Monday, February 17, 2014

Sox spectrogram log frequency axis and upper/lower frequency limits

Linear spectrogram
As a result of some of the work I did last week on rendering MP3 files to scrolling spectrum waterfall plots, I noticed that most of the interesting detail was in frequencies under 1kHz.  One obvious way to see the detail at lower frequencies, yet still keep the higher frequencies is to plot on a log frequency scale.

Unfortunately this is currently not supported in SoX, so I modified the spectrogram module to add this feature. This I noticed that plotting charts from 1Hz to the nyquist frequency meant that a lot of screen space was wasted in the lower 1 - 50Hz range which is not the most interesting for most audio files. So I also added a switch to set the lower and upper frequencies of the chart (this actually took considerably more work than the plotting to the log scale!).

Log axis spectrogram. Lower frequency details are far more visible.
The modified spectrogram.c file is available here [1]. Visit the SoX site [2], download the source code, replace src/spectrogram.c with this file and compile. This has been tested with the latest code as of 14 Feb 2014.

Summary of changes:
  • Implement -L which plots the spectrogram on a log10 frequency axis. By default from 1Hz to nyquist frequency.
  • Implement -R <low_freq>:<high_freq> : restrict spectrogram frequencies. I also updated the linear scale code to honor this switch.


Example:

sox mymusic.mp3 -n spectrogram -L -R 50:8k

Known problems and observations:
  • At lower frequencies (1 - 100Hz) each spectrum bin in q->dBfs[] array occupies several pixel rows: so it looks blocky. A lesser problem: at the top some frequency bins will be ignored because there will be more than one bin for each pixel row. I could fix the blockyness by getting a more detailed spectrum.
  • If lower and upper frequencies are in the same decade then there are no y axis tick labels. Hopefully will have a fix for that soon.
  • When compiling I'm getting this warning when using log10f() and powf() : "warning: passing argument 1 of 'log10f' as 'float' rather than 'double' due to prototype". According to the man pages for those function they should accept float args! I see some discussion on this relating to compiler switches: but I don't want to go changing anything there.
  • I created two new functions to parse the -R frequency range switch to cut down on code duplication.
    parse_range (const char *s, int *a, int *b)
    parse_num_with_suffix (const char *s, int *a)
    I'm not familiar with the sox code base, so I'm not sure if similar functions already exist (I couldn't find any). I'm also concerned I'm making a temporary change to a string in parse_range when the type is const char *.  I need to brush up on my C :)


Footnotes:

[1] https://github.com/jdesbonnet/joe-desbonnet-blog/tree/master/projects/sox-log-spectrogram

[2] http://sox.sourceforge.net/


3 comments:

Anonymous said...

Great article! I followed your instructions. Got the source, replaced your file, compiled and installed. but nothing changed.
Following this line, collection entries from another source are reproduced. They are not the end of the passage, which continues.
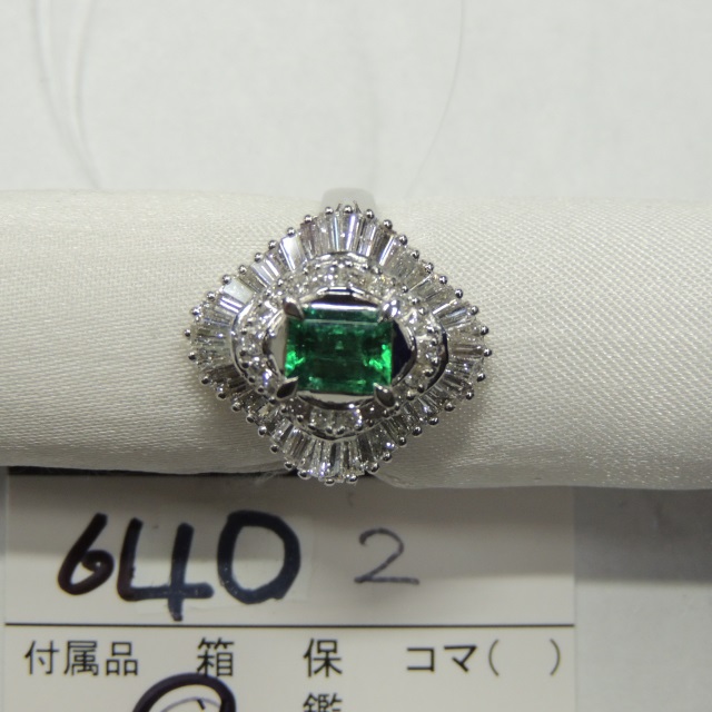 リング エメラルド ダイヤ Pt900 9.90g GRJソ 石目:E0.67 D0.95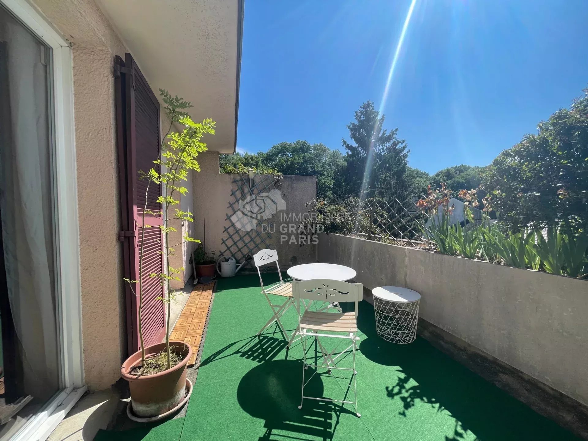 Allée Georges Sand, à 5min à pieds du RER A Noisiel, nous vous proposons un appartement de 41.83 m²de type F2 comprenant: Entrée, dégagement, pièce principale donnant sur une terrasse plein ouest de 15m² environ, cuisine américaine équipée, 1 chambre avec placard et salle de bains avec wc.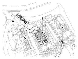 Disconnect the ECM connectors (A), front wiring harness (B), ground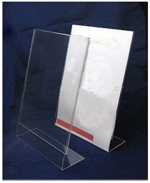 The example below is typical, just a sheet of stiff plastic folded to provide a slot and a foot. Available at your handy office supplies shack.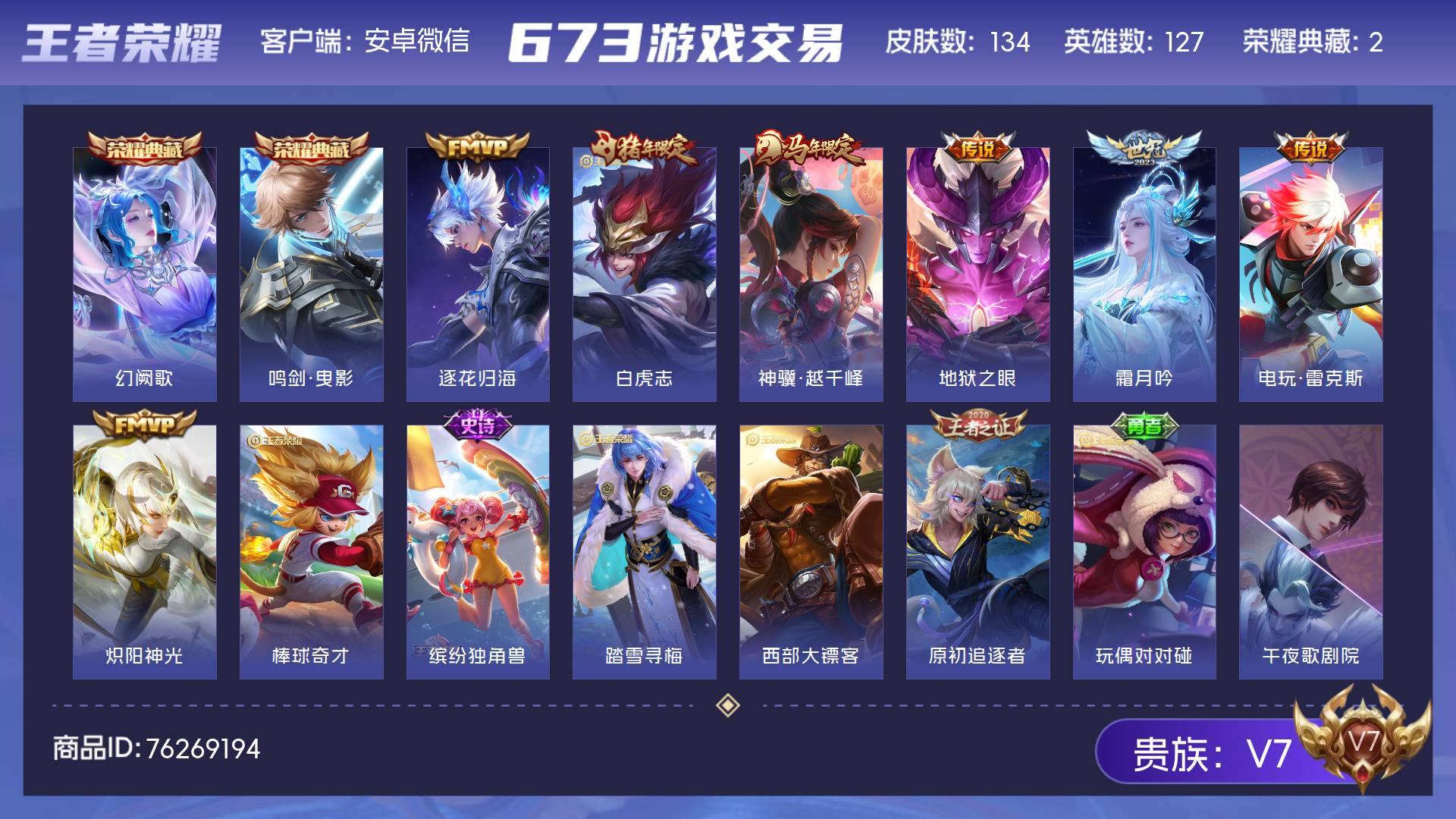 V7 皮肤134 英雄127 无双王者 荣耀典藏2 星传说1 传说7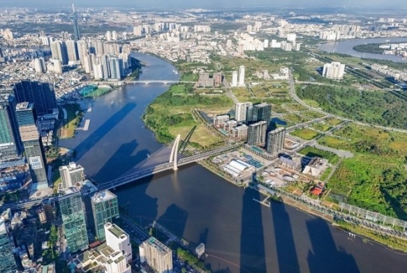사이공강을 끼고 마주한 호치민시 1군 및 투득시 투티엠신도시 전경. 호치민시가 국제금융센터(IFC) 건설에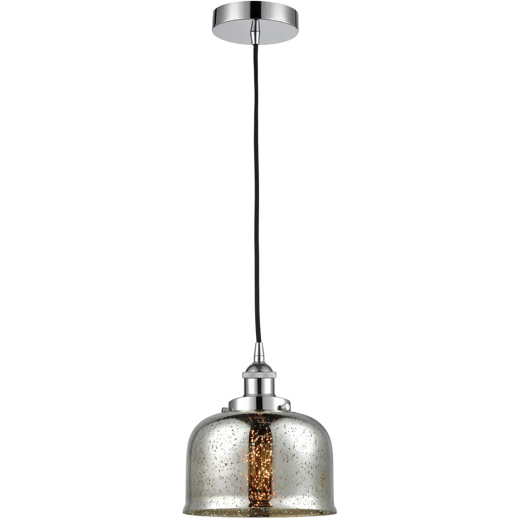 Bell 1 Light 8 Inch Brushed Satin Nickel Mini Pendant Ceiling Light In Silver Plated Mercury Glass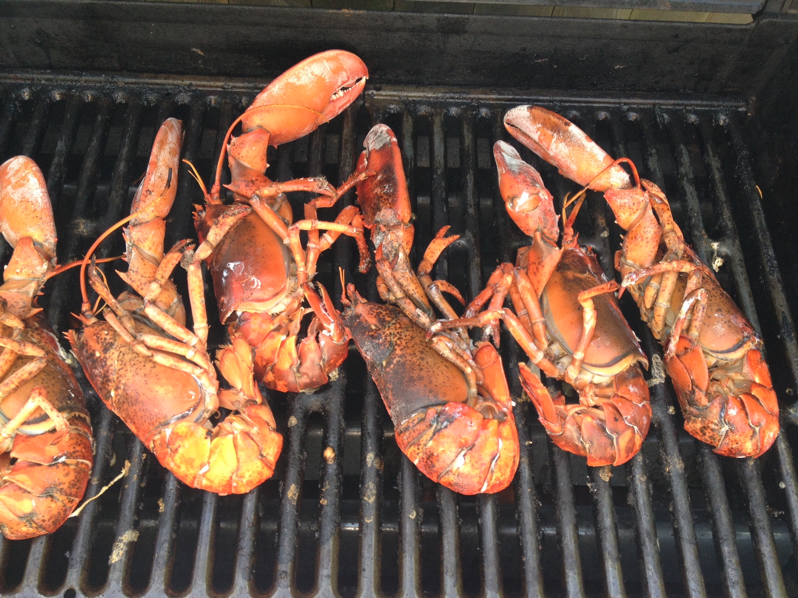 The local Stop & Shop in Provincetown is having a sale on chicken lobsters (small, tender lobsters popular in New England); they’re $5.99 per pound with the store card. I bought three and the total came out to be $20. After I got them home I stored them in the refrigerator until the grill was ready.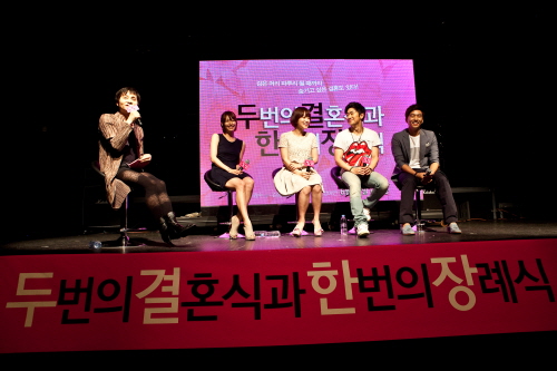 퀴어 로맨틱 코미디 영화 '두 번의 결혼식과 한 번의 장례식'(이하 '두결한장')의 피로연 파티가 지난 1일 서울 홍대 상상마당 라이브홀에서 열린 가운데, 김조광수 감독은 직접 MC를 맡아 행사를 진행했다.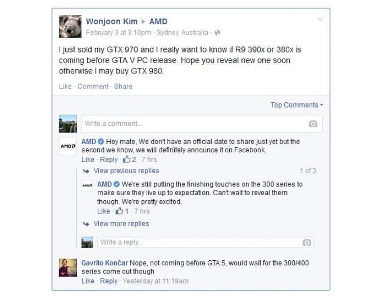 Today, AMD used its official Facebook page to confirm the Radeon R9 300 series is indeed coming soon as the company is "putting the finishing touches on the 300 series to make sure they live up to expectation," and that they "can't wait to reveal them."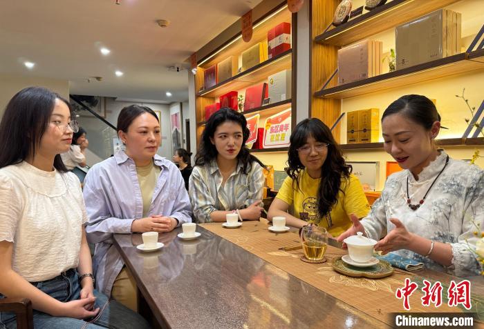 圖為青年在夜校體驗(yàn)品茗。陳宗淇 攝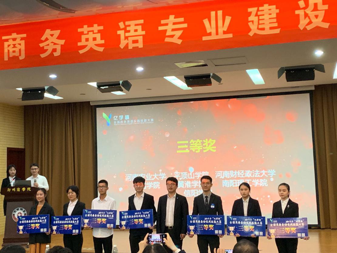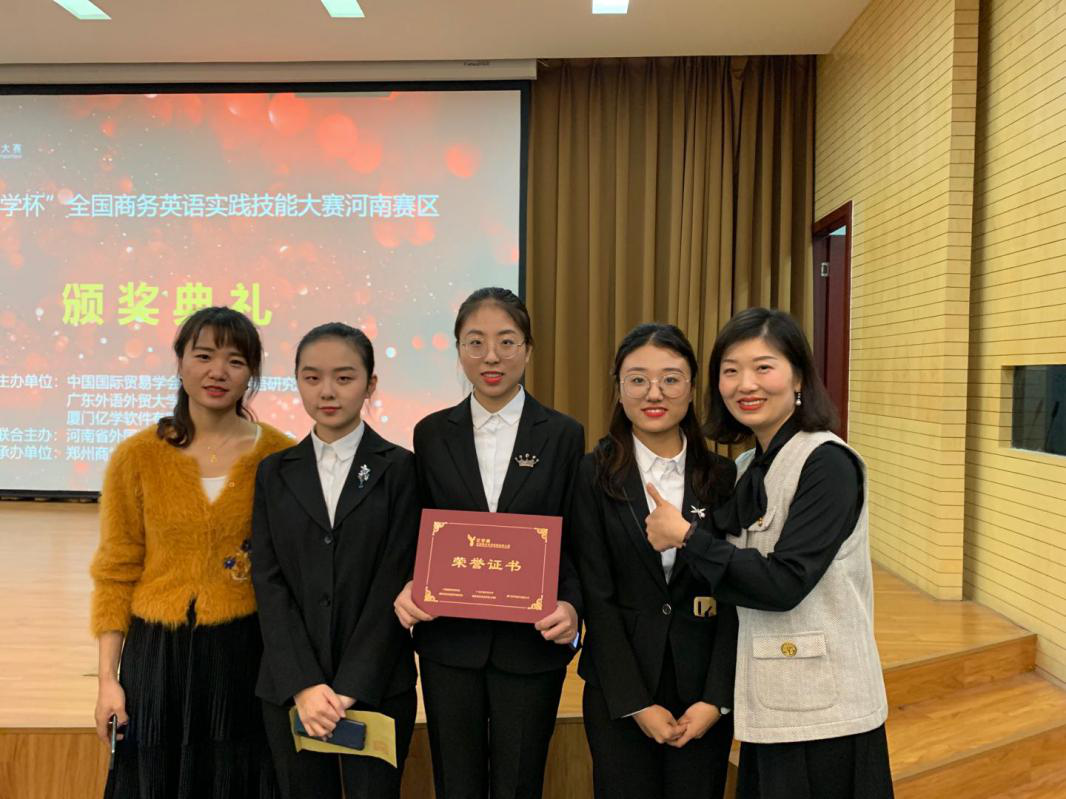 据悉,此次赛事由河南省外国语言文学教学指导委员会主办,郑州商学院外国语学院承办,分为现场演讲与上机作答两个部分,要求3名学生组成1个参赛团队,运用英语和商务知识解决国际贸易实务中遇到的询盘还盘、商务谈判、产品推荐等方面的问题。此次赛事受到了我院领导的高度重视。为此,我院积极创造条件,引导、鼓励学生参加竞赛。同时,悉心安排专业课老师,组织相关专业知识讲解会以及赛前培训。在两位老师的指导下,三位同学深入巩固商务英语基础知识,扎实打牢商务翻译知识体系,广泛拓展积累课外知识,为此次精彩的表现打下了坚实基础。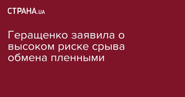 Украинский переговорщик по Донбассу и вице-спикер парламента Ирина Геращенко заявила, что есть высокий риск срыва процесса обмена пленными, который сейчас вышел на финишную прямую. Об этом она сказала в Раде, передает LB.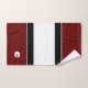 Bold modern maroon with black and light grey stripe monogram bath towel set.

Is it because I had SoX already installed (by apt-get) and didn't install it. I thought Could this be why it's not working?

Joe Desbonnet said...

Sorry for the delay in replying: yes, if you already have it installed, you'll probably need to have an explicit path to the new binary when invoking sox (I can't remember exactly where the binary is
but your command line might like something like this

/home/jbloggs/my-modified-sox/bin/sox ...sox args...

lifeh2o said...

Log graph is stretched out on bottom. So the frequencies are not scaled in log, but instead it is just the image stretched like log scale, right?